▶ [TO DO]: Copy without pictures. Please restate each line of the listing exactly.

▶ [COLLECTED MATERIAL]:
+---+
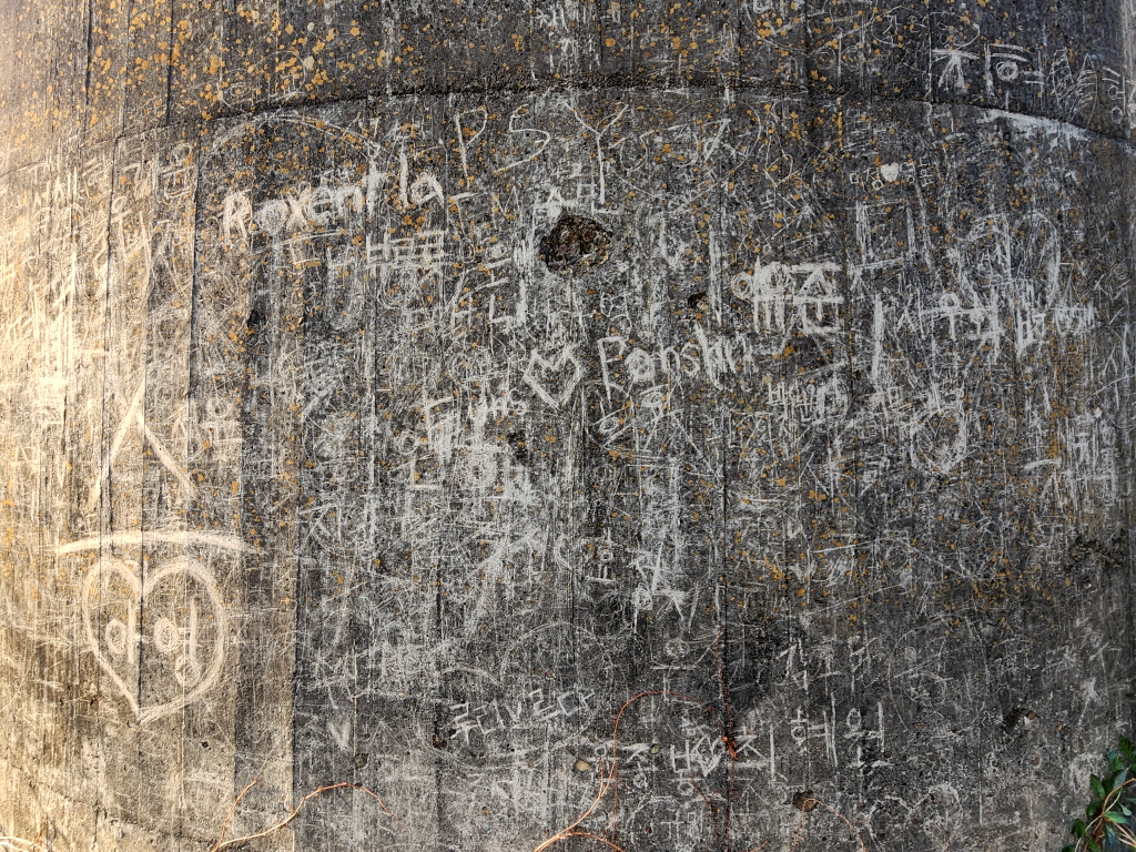 외부 벽면의 수많은 낙서는 근래에 관광객들이 그런듯
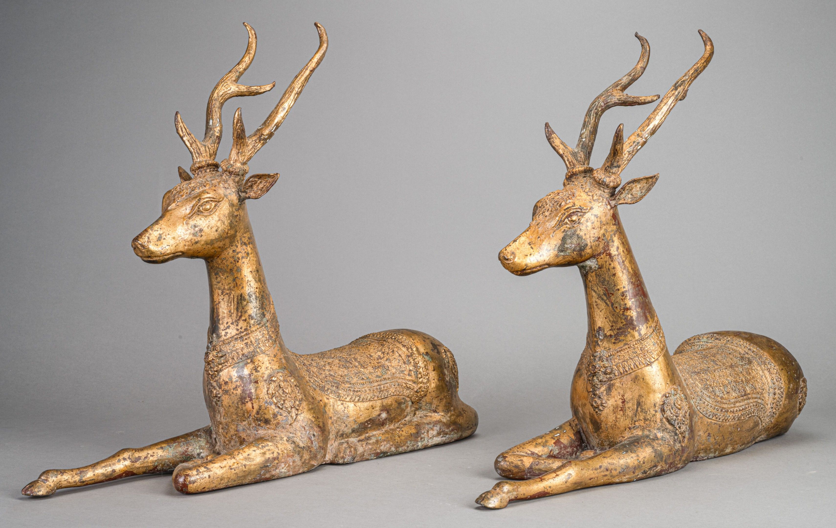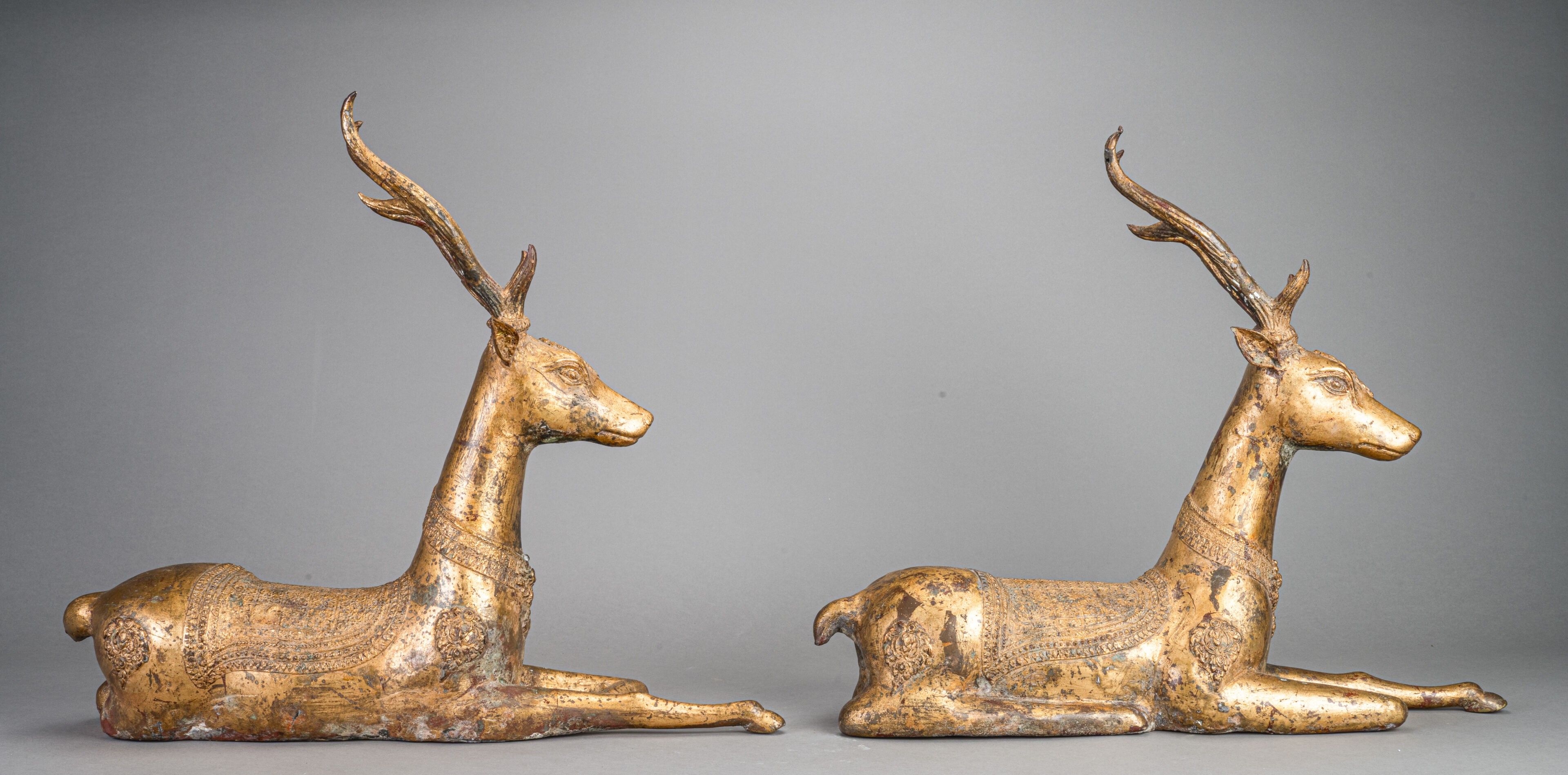 Paire de daims en bronze laqué or, couchés avec une patte avant dépliée, portant un tapis de selle et des parures à motifs floraux au front et à l'encolure.
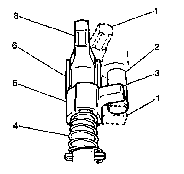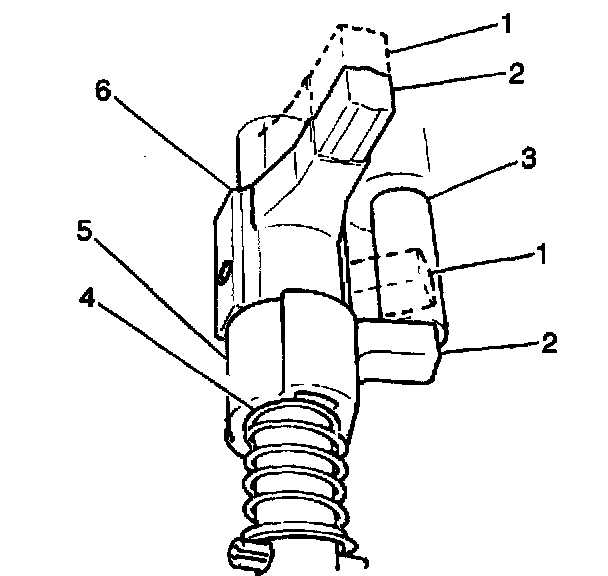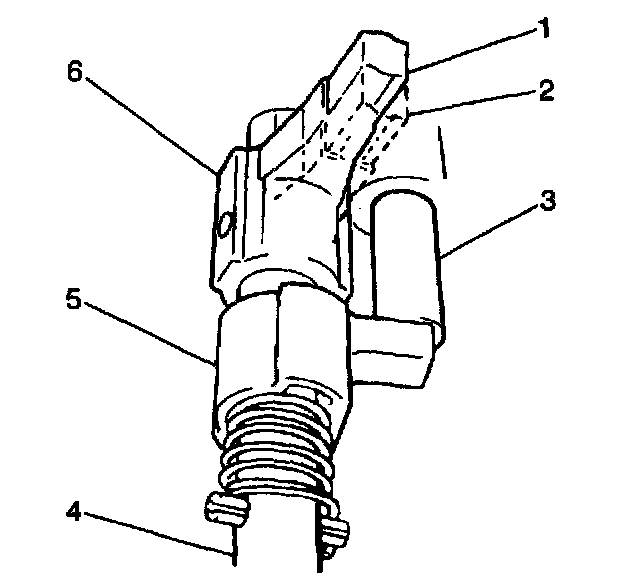 The reverse gearshift limit yoke (5) is located in the gearshift lever case and rides on the gearshift shaft. The reverse gearshift limit yoke prevents the transmission from being shifted directly from fifth gear (1) to reverse. When the transmission shifts into 5th gear, the gearshift limit spring (4) turns the gearshift limit yoke clockwise causing the reverse gearshift limit yoke to land on the reverse gearshift limit bolt (3). This action prevents a 5th-to-reverse gearshift.
+---+
▶ [ANSWER BELOW]:
 외부 벽면의 수많은 낙서는 근래에 관광객들이 그런듯
 Paire de daims en bronze laqué or, couchés avec une patte avant dépliée, portant un tapis de selle et des parures à motifs floraux au front et à l'encolure.
 The reverse gearshift limit yoke (5) is located in the gearshift lever case and rides on the gearshift shaft. The reverse gearshift limit yoke prevents the transmission from being shifted directly from fifth gear (1) to reverse. When the transmission shifts into 5th gear, the gearshift limit spring (4) turns the gearshift limit yoke clockwise causing the reverse gearshift limit yoke to land on the reverse gearshift limit bolt (3). This action prevents a 5th-to-reverse gearshift.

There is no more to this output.